A well-built portfolio should have 3 legs to stand on, rather than just the traditional two. The improvement in stability and structure from adding a third “pillar” to a portfolio is obvious to all. Portfolio manager Rob Arnott, points out that the first two pillars of a portfolio are core stocks and core bonds and the third pillar consists of “diversifiers”, whose role is to provide positive returns with low correlation to traditional stocks and bonds. While all three pillars can produce positive (or unfortunately, negative) returns in any market environment, the first two tend to produce their best results in times marked by relatively low levels of inflation and some economic growth.
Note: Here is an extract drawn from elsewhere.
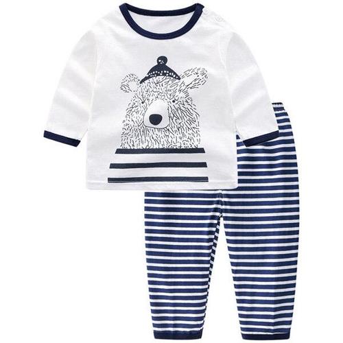 TEMU 귀여운 곰돌이 패턴의 아동용 잠옷 세트. 귀여운 소프트 스타일의 칼라 디자인으로 봄, 가을 홈웨어에 적합합니다. 십대용, 십대용

The third pillar of diversifiers can seize opportunities in a variety of ways and may offer good results in times of higher inflation, economic turmoil, etc.

In times of inflation, traditional bonds are likely to have negative real returns and stocks are likely to have post rather anemic returns. Several diversifiers from your third pillar should fare quite well in such times. Commodities, TIPs bonds (those that offer a return pegged to inflation), and floating rate bonds would all be expected to do well at counteracting inflation.
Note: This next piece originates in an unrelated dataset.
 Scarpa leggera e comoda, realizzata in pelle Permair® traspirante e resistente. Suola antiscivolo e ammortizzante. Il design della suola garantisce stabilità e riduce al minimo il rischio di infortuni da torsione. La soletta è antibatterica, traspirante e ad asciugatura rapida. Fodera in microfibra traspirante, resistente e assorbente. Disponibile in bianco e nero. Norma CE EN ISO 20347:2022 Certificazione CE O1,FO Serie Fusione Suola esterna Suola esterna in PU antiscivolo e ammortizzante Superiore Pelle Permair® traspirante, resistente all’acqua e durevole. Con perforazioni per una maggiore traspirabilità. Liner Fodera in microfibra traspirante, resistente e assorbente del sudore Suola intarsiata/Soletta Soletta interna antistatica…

While many forecasters (or predictors) choose to move you around from one area to another based on their beliefs about inflation, economic growth, etc., we think that can be a recipe for disaster. Monkeys throwing darts seem to be right about as often as the best and brightest forecasters. These forecasters typically rely on two pillars or possibly only one pillar in order to achieve results. You can picture how sturdy your economic future is when you rely on a one pillar portfolio. One mistake at any time has crushing results. We think building a sturdy vessel is your best first defense. There is a good case for inflation moving forward and a good case for deflation also. Why not build a portfolio which has the potential to survive either case?

We know it is comforting to have an “expert” tell you what the future holds, but we neither feel up to that task nor do we believe anyone else is up to it. Those who are the most certain (which feels like a comfort to you as a prospective investor) are those who may be most likely to be wrong. The road to disaster is filled with yesterday’s experts. Only when knowledge is combined with humility can you manage risk successfully.

We believe that we continue to journey down a risky trail. The tried and true path to success is likely to be the same as it always is-buy low and sell high. While US stocks have behaved as though we were in a booming economy with the wind at our back, other assets types have struggled and appear to be underpriced at this point. Examples would be emerging market debt and equities, which seem to offer attractive future returns when compared to US stocks and treasuries. We know it is enticing to chase returns and sell your emerging market stocks in order to add to your US stocks since they are doing so well. We expect our third pillar diversifiers to do exactly the opposite. We expect them to buy what should offer the best returns going forward, by stocking up on “sale items” like emerging market stocks at this point. The idea is pretty simple. The three pillars are designed to work together through an entire market cycle to produce excellent risk adjusted returns. The idea is not that it will always work well in shorter periods, but that it works well in helping you achieve long term results. Remember, Einstein’s eighth wonder of the world is compound interest. Big gains today feel great, but big losses derail the long term compounding of money in a way that cannot be overcome.